__Information supplied__
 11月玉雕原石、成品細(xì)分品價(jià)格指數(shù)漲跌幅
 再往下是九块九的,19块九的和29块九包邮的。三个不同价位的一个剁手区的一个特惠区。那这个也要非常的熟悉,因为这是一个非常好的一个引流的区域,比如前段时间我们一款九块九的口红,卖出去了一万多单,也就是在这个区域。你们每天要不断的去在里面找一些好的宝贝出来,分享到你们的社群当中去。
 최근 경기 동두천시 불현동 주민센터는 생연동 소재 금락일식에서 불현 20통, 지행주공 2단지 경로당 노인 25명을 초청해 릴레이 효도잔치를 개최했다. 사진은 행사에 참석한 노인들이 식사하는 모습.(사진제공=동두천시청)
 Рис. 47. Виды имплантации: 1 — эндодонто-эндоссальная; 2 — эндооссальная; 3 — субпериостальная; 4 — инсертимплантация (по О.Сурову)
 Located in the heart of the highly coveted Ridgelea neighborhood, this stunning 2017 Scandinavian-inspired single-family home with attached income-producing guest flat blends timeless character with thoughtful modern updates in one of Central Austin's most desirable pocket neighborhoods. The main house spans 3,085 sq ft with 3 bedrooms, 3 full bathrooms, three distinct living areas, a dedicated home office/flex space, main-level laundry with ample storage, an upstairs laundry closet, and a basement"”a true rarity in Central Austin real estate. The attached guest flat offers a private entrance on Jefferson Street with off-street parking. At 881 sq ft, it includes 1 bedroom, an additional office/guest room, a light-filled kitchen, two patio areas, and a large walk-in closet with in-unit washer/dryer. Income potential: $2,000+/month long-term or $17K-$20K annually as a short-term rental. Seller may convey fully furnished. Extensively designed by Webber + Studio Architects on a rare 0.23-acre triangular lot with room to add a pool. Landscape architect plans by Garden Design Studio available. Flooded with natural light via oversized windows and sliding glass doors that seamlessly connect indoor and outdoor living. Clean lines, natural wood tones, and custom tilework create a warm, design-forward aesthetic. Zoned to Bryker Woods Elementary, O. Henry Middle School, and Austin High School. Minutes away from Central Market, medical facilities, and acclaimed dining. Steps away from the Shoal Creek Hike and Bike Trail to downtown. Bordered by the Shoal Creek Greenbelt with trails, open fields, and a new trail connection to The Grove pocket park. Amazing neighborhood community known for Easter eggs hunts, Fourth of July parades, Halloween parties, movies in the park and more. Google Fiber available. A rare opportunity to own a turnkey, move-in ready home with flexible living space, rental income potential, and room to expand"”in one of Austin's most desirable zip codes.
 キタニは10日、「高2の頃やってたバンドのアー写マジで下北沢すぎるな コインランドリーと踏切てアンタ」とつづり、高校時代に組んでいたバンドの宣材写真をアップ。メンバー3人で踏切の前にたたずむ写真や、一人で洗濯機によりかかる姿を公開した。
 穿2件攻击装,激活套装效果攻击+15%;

--

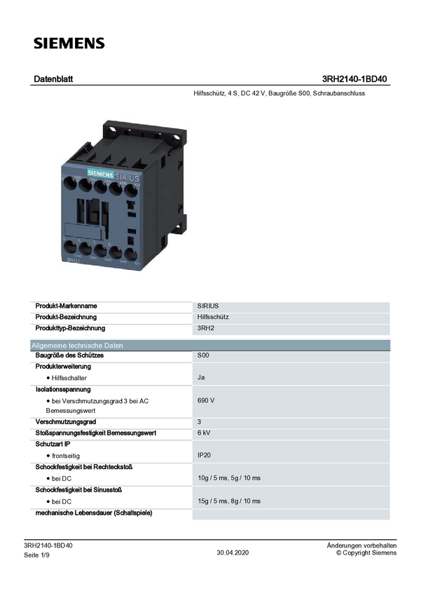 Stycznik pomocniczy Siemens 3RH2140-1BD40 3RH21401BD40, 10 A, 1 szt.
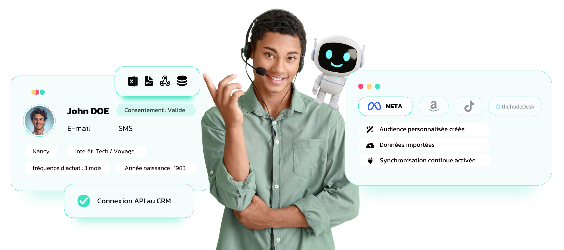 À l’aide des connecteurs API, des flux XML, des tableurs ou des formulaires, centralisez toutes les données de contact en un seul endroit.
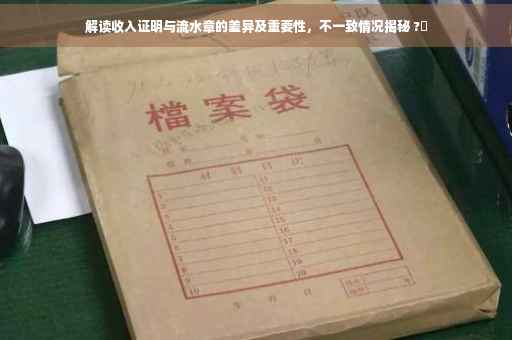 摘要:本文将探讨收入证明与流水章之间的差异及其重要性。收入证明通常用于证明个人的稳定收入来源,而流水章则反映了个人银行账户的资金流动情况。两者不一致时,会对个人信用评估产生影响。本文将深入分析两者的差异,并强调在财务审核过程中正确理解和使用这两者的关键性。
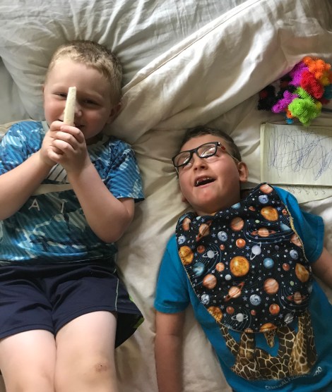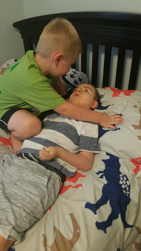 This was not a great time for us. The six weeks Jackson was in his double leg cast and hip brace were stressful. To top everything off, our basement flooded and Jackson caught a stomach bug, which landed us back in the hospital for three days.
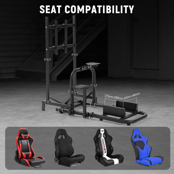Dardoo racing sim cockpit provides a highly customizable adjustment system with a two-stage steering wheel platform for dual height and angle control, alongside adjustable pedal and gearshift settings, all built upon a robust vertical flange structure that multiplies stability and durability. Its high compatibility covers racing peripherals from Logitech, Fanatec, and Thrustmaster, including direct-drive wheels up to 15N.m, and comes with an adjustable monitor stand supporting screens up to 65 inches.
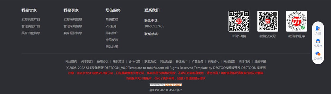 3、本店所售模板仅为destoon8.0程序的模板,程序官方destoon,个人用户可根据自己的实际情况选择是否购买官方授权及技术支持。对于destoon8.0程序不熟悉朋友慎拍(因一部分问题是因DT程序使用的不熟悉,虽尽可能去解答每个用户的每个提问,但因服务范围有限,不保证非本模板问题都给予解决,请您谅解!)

--

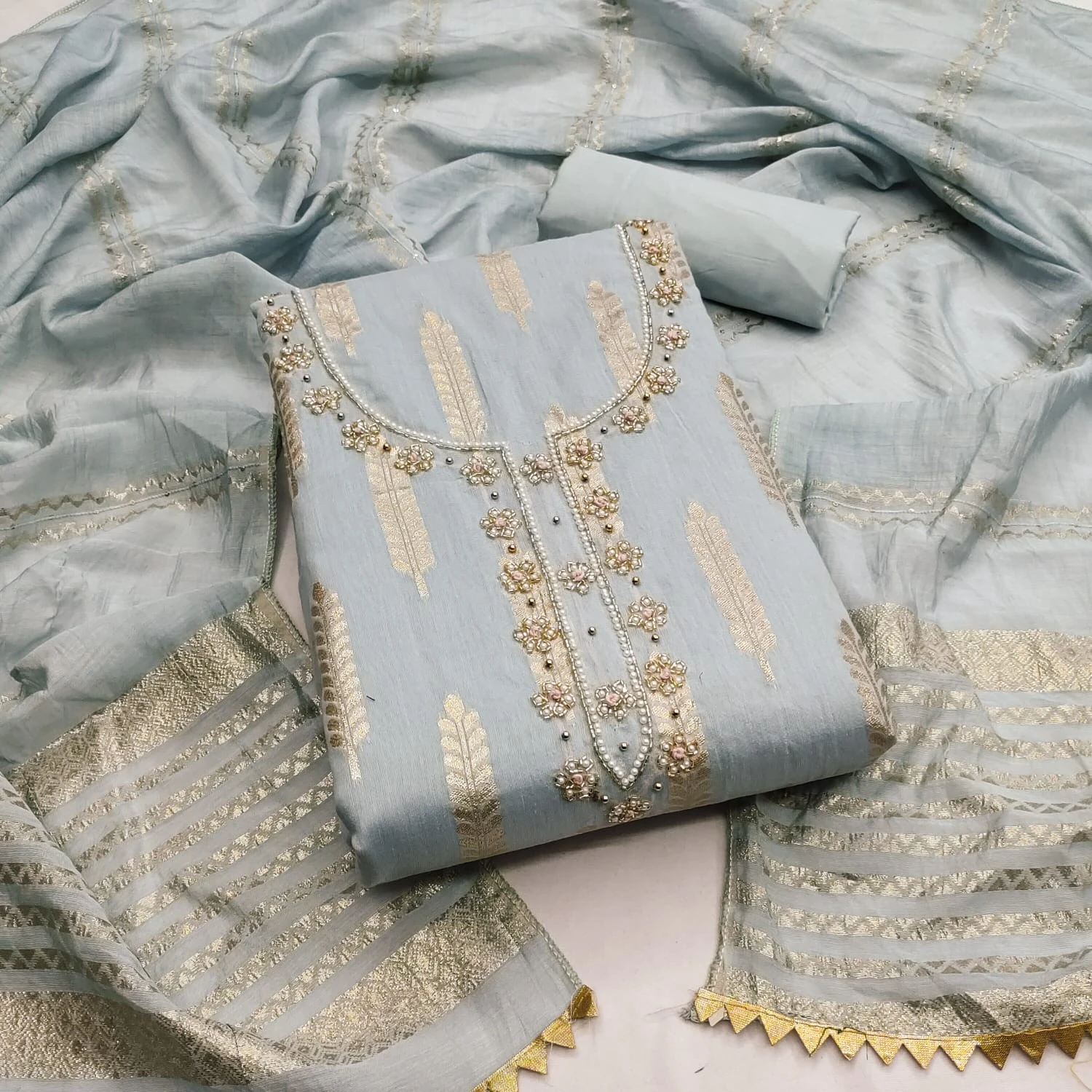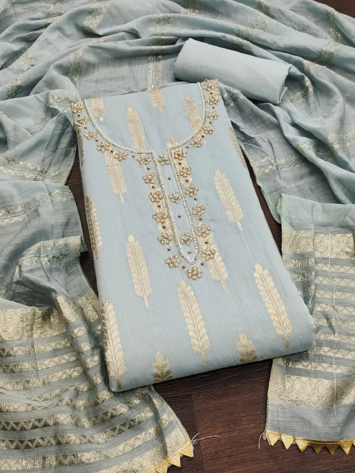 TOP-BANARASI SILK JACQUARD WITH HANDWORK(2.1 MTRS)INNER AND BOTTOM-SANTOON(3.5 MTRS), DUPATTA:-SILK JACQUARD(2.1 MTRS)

__Problem__
An exact copy of the lines above from the one with "À l’aide des" up to and including the one with "This was not" is required; reproduce only those lines, omitting all pictures.

__Response box__
 À l’aide des connecteurs API, des flux XML, des tableurs ou des formulaires, centralisez toutes les données de contact en un seul endroit.
 摘要:本文将探讨收入证明与流水章之间的差异及其重要性。收入证明通常用于证明个人的稳定收入来源,而流水章则反映了个人银行账户的资金流动情况。两者不一致时,会对个人信用评估产生影响。本文将深入分析两者的差异,并强调在财务审核过程中正确理解和使用这两者的关键性。
 This was not a great time for us. The six weeks Jackson was in his double leg cast and hip brace were stressful. To top everything off, our basement flooded and Jackson caught a stomach bug, which landed us back in the hospital for three days.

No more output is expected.